Quote word for word from the line holding "[경기뉴스원/경기뉴스1] | 안성시가" to the last line below, including both, and omit any pictures.

**Given material:**
BEGIN

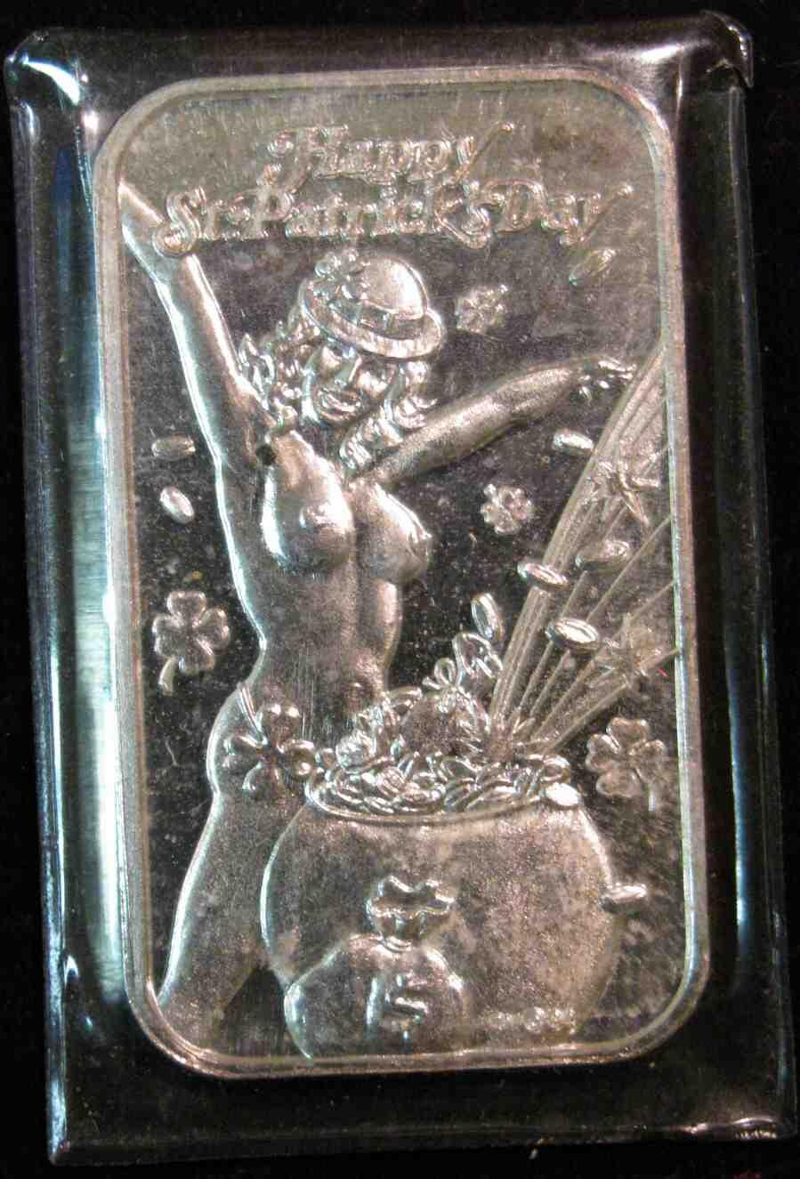 867. Happy St. Patricks Day Nude Collectors 1-Ounce Silver Bar. Limited Edition.
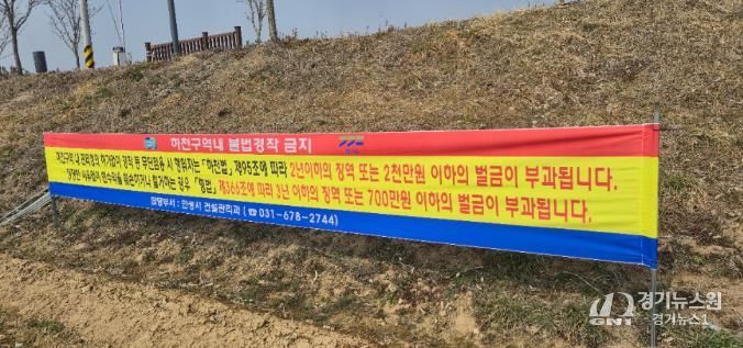 [경기뉴스원/경기뉴스1] | 안성시가 하천구역 내 불법 점용 행위를 뿌리 뽑고 무단 경작을 예방하기 위해 관내 지방하천 일대에 ‘경작 금지’ 홍보 현수막을 설치하고 집중 점검에 나섰다.
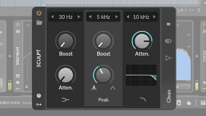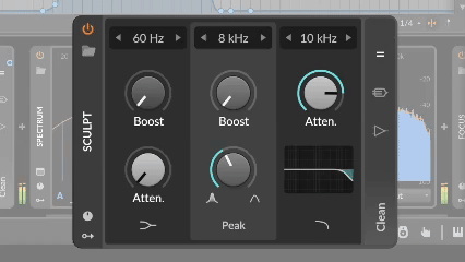 Sculpt 对于更高频率的控制可实现让声音大大增强而不影响音质。在使沉闷的声音变亮时,将boost调高并调整Q值以找到sweet point。您可以在更高频的位置使用高频衰减来减少不需要的频率。

END

**Response:**
 [경기뉴스원/경기뉴스1] | 안성시가 하천구역 내 불법 점용 행위를 뿌리 뽑고 무단 경작을 예방하기 위해 관내 지방하천 일대에 ‘경작 금지’ 홍보 현수막을 설치하고 집중 점검에 나섰다.
 Sculpt 对于更高频率的控制可实现让声音大大增强而不影响音质。在使沉闷的声音变亮时,将boost调高并调整Q值以找到sweet point。您可以在更高频的位置使用高频衰减来减少不需要的频率。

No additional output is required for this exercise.